>>

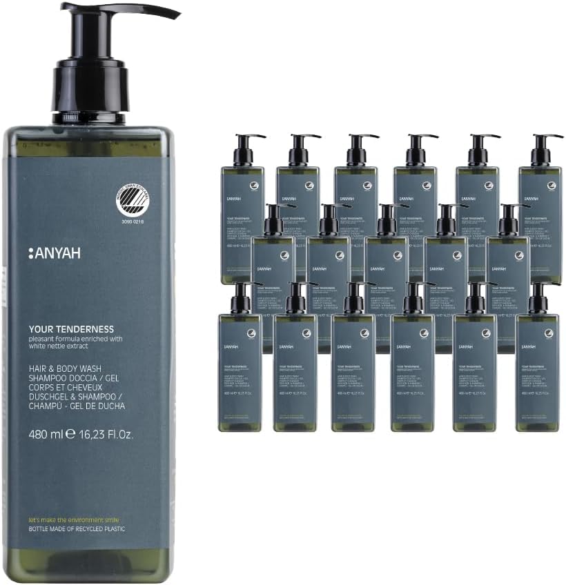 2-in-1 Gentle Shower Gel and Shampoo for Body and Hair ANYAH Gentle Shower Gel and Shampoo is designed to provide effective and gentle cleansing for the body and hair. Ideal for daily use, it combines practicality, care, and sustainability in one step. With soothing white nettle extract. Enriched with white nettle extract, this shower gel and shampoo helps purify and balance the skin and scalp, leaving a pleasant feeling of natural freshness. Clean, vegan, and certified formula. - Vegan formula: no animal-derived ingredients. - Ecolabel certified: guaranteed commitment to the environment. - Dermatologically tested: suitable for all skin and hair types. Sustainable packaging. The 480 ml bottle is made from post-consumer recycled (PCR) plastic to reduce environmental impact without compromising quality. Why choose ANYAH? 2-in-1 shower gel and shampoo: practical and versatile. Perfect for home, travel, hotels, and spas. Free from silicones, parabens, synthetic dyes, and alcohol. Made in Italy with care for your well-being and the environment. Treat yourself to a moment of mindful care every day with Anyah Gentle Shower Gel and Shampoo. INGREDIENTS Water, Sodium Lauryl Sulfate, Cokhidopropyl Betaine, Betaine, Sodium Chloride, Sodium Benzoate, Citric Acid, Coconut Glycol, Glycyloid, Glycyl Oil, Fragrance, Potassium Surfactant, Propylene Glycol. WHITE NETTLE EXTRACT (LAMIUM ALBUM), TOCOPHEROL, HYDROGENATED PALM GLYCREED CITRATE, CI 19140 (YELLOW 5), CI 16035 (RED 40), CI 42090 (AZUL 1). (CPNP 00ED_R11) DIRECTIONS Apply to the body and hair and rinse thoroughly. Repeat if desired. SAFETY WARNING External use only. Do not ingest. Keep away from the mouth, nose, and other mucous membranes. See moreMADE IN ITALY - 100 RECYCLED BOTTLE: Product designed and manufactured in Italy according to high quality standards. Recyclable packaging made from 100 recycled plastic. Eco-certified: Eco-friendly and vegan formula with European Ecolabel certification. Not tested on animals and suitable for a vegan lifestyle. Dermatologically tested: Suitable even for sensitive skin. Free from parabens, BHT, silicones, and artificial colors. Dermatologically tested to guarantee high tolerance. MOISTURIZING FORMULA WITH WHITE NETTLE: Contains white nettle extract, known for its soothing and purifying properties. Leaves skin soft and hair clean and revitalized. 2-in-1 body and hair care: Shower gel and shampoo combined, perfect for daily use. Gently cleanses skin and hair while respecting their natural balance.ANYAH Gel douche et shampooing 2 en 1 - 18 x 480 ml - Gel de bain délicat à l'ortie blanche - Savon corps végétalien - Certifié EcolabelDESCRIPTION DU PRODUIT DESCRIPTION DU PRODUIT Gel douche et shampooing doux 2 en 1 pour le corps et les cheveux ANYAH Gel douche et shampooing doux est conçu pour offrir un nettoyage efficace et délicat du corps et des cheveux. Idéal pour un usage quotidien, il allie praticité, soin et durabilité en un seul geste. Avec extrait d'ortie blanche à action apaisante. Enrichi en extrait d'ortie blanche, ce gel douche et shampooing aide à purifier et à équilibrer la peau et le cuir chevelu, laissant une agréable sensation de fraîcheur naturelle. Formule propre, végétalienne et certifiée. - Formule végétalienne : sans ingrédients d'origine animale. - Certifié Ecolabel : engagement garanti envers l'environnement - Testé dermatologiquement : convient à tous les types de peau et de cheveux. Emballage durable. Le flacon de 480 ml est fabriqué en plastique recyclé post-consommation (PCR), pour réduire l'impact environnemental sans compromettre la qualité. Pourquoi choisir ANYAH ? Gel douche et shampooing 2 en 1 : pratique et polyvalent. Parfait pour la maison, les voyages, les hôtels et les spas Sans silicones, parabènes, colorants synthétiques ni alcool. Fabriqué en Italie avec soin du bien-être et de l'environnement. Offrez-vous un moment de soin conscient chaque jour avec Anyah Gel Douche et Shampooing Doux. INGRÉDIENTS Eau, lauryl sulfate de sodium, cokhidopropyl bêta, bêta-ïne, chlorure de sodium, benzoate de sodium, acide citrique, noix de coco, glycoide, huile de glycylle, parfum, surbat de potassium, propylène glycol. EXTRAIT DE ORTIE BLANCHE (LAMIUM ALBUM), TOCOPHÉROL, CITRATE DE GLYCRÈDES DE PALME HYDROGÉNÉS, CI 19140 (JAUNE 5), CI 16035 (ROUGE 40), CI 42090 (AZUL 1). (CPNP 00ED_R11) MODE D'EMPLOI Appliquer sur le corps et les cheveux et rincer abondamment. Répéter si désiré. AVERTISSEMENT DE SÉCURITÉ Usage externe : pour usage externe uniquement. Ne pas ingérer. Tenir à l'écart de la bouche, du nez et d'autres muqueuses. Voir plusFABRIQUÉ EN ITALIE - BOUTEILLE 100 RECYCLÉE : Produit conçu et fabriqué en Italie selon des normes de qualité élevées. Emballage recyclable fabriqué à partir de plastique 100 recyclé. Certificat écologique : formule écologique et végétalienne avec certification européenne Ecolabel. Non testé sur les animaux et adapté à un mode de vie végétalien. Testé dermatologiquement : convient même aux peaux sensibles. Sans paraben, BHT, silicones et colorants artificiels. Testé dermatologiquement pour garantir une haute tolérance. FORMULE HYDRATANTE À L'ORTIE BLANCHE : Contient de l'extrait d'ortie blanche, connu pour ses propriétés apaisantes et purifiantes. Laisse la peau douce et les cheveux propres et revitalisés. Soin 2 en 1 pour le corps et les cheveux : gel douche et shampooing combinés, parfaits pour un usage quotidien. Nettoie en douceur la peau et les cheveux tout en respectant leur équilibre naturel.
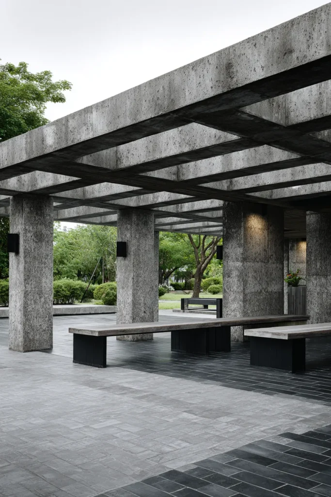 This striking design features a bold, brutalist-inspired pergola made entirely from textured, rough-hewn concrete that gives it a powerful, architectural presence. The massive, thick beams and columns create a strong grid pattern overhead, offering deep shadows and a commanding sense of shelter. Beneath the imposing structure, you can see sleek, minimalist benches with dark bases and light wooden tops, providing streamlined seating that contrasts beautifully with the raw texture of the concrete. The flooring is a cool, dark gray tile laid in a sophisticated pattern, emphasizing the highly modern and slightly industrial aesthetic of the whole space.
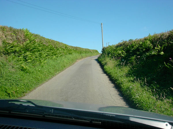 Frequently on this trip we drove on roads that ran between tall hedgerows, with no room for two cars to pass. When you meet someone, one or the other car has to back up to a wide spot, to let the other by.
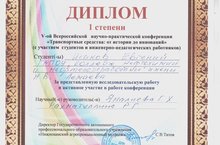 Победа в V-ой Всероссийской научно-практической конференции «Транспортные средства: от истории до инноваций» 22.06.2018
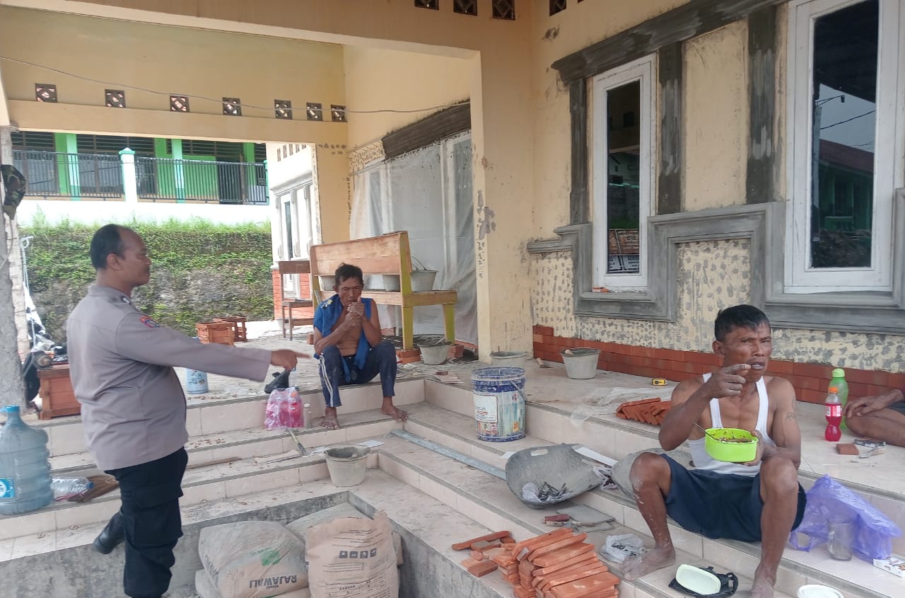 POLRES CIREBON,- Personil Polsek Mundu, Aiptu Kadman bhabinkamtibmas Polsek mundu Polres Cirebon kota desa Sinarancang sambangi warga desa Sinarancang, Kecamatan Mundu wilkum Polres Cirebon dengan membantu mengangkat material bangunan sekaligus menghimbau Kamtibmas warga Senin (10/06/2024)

<<

_WHAT IS EXPECTED_. Give again, word for word, the line containing "Победа в V-ой" and every line after it to the end of the records; leave out the pictures.

_TASK RESPONSE_.
 Победа в V-ой Всероссийской научно-практической конференции «Транспортные средства: от истории до инноваций» 22.06.2018
 POLRES CIREBON,- Personil Polsek Mundu, Aiptu Kadman bhabinkamtibmas Polsek mundu Polres Cirebon kota desa Sinarancang sambangi warga desa Sinarancang, Kecamatan Mundu wilkum Polres Cirebon dengan membantu mengangkat material bangunan sekaligus menghimbau Kamtibmas warga Senin (10/06/2024)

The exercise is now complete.